→ **Problem**
The answer must consist solely of the lines from the one containing "垂花门垂柱上的雕花鸳鸯荷花及狮子滚绣球" through the last line of the records, set down exactly and without any pictures.
Record set Block Start
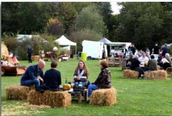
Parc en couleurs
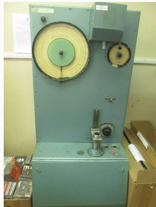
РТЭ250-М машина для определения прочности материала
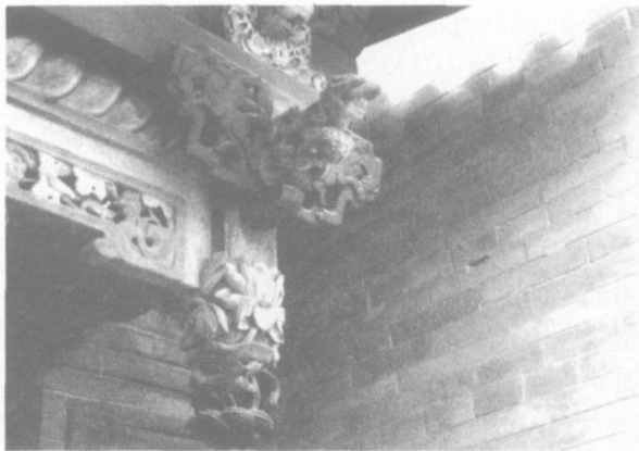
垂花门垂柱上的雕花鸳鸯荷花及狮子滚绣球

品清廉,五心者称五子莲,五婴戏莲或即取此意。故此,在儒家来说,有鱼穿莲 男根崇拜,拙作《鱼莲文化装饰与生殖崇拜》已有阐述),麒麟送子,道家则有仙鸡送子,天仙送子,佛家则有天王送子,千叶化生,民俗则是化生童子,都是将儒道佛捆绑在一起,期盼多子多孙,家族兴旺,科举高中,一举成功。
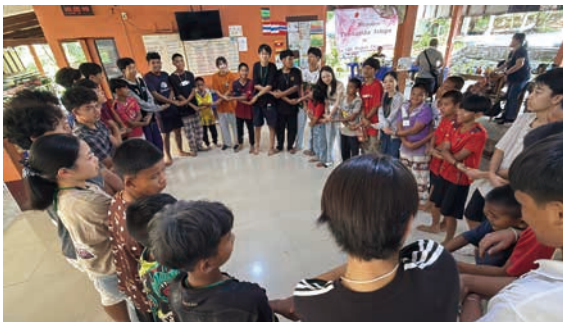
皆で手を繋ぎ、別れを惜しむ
Record set Block End
→ **Written solution**
垂花门垂柱上的雕花鸳鸯荷花及狮子滚绣球

品清廉,五心者称五子莲,五婴戏莲或即取此意。故此,在儒家来说,有鱼穿莲 男根崇拜,拙作《鱼莲文化装饰与生殖崇拜》已有阐述),麒麟送子,道家则有仙鸡送子,天仙送子,佛家则有天王送子,千叶化生,民俗则是化生童子,都是将儒道佛捆绑在一起,期盼多子多孙,家族兴旺,科举高中,一举成功。
皆で手を繋ぎ、別れを惜しむ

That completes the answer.